With the pictures omitted, write out all of the listing exactly.

[Recorded data]:
§
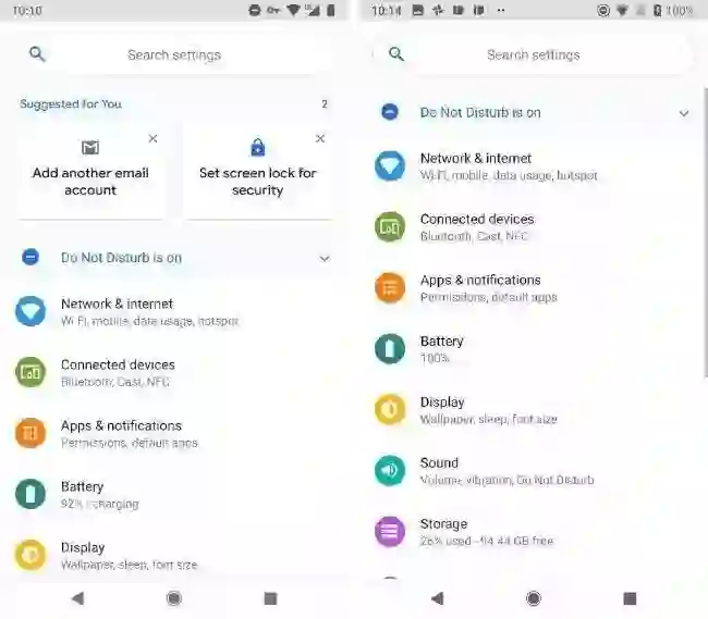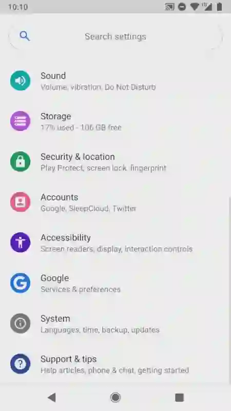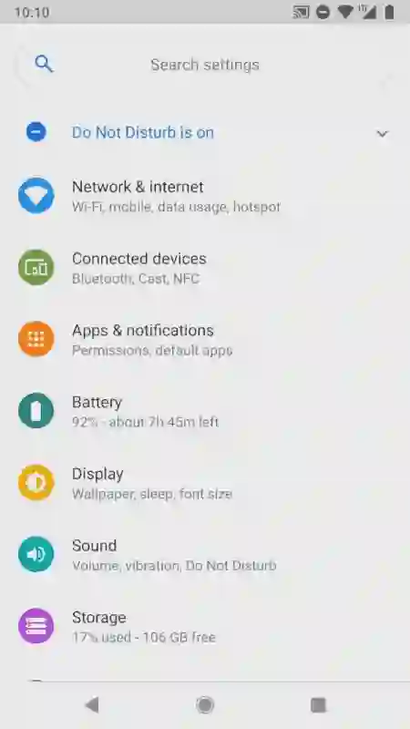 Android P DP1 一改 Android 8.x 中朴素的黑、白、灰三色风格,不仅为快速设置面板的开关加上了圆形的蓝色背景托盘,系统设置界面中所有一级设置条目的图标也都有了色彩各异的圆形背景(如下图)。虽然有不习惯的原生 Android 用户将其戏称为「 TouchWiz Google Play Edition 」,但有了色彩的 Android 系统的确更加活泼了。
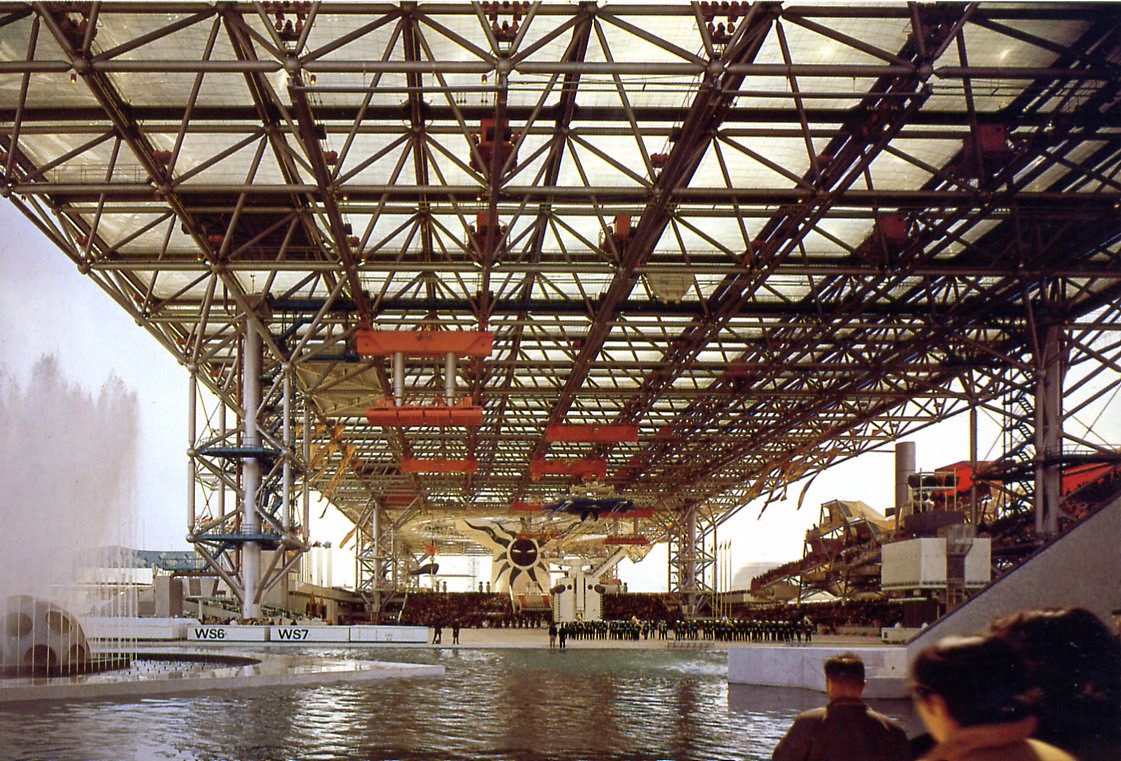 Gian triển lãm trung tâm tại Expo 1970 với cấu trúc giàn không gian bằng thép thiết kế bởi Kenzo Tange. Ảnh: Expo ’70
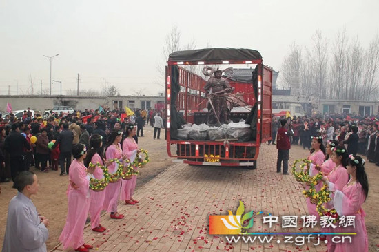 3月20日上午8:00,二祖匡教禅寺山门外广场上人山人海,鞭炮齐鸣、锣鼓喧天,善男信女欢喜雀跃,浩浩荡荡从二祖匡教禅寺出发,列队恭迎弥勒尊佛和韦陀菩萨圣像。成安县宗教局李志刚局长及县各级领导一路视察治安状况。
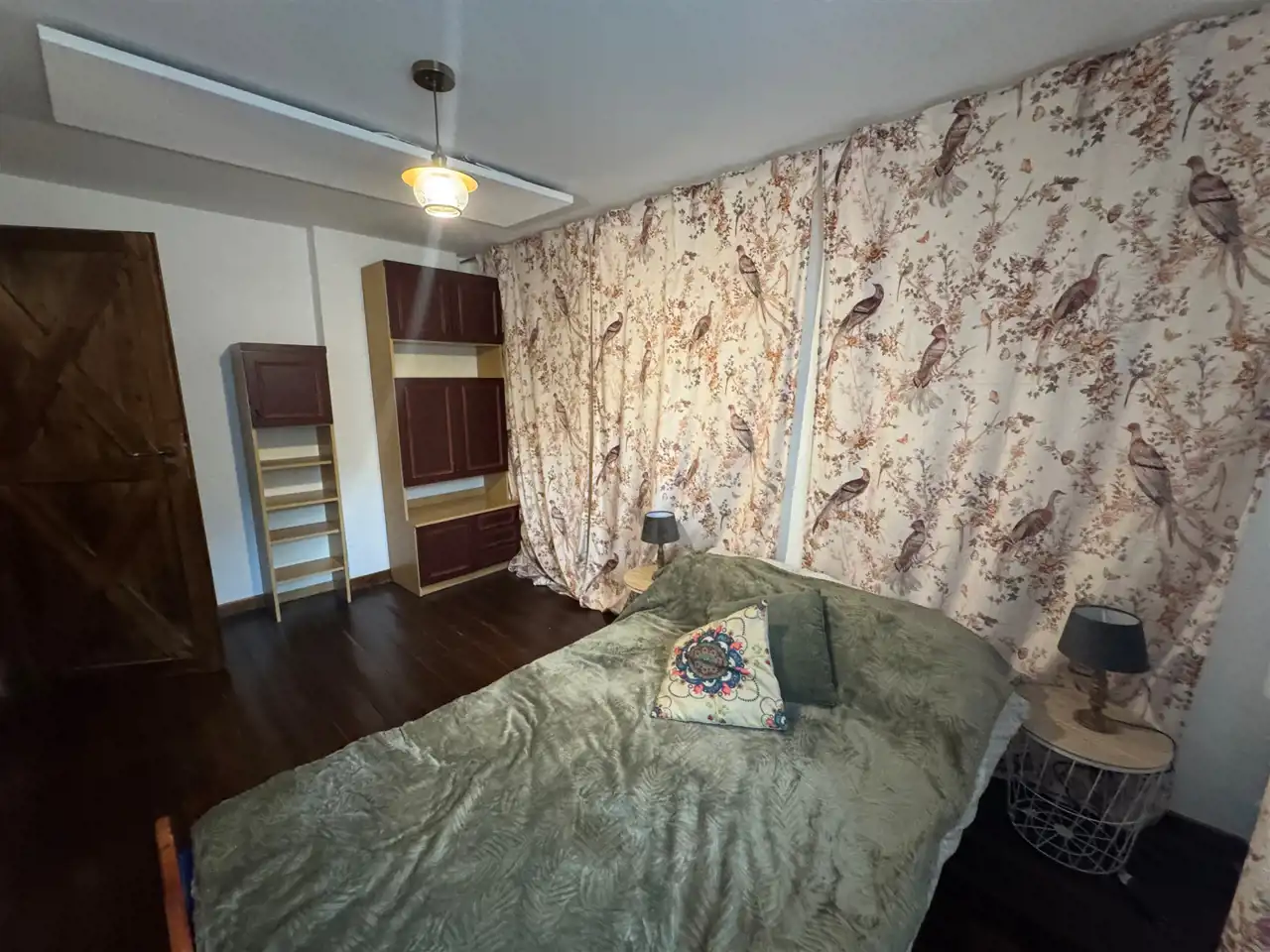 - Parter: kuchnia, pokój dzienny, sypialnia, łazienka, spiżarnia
§
[Response to this task]:
 Android P DP1 一改 Android 8.x 中朴素的黑、白、灰三色风格,不仅为快速设置面板的开关加上了圆形的蓝色背景托盘,系统设置界面中所有一级设置条目的图标也都有了色彩各异的圆形背景(如下图)。虽然有不习惯的原生 Android 用户将其戏称为「 TouchWiz Google Play Edition 」,但有了色彩的 Android 系统的确更加活泼了。
 Gian triển lãm trung tâm tại Expo 1970 với cấu trúc giàn không gian bằng thép thiết kế bởi Kenzo Tange. Ảnh: Expo ’70
 3月20日上午8:00,二祖匡教禅寺山门外广场上人山人海,鞭炮齐鸣、锣鼓喧天,善男信女欢喜雀跃,浩浩荡荡从二祖匡教禅寺出发,列队恭迎弥勒尊佛和韦陀菩萨圣像。成安县宗教局李志刚局长及县各级领导一路视察治安状况。
 - Parter: kuchnia, pokój dzienny, sypialnia, łazienka, spiżarnia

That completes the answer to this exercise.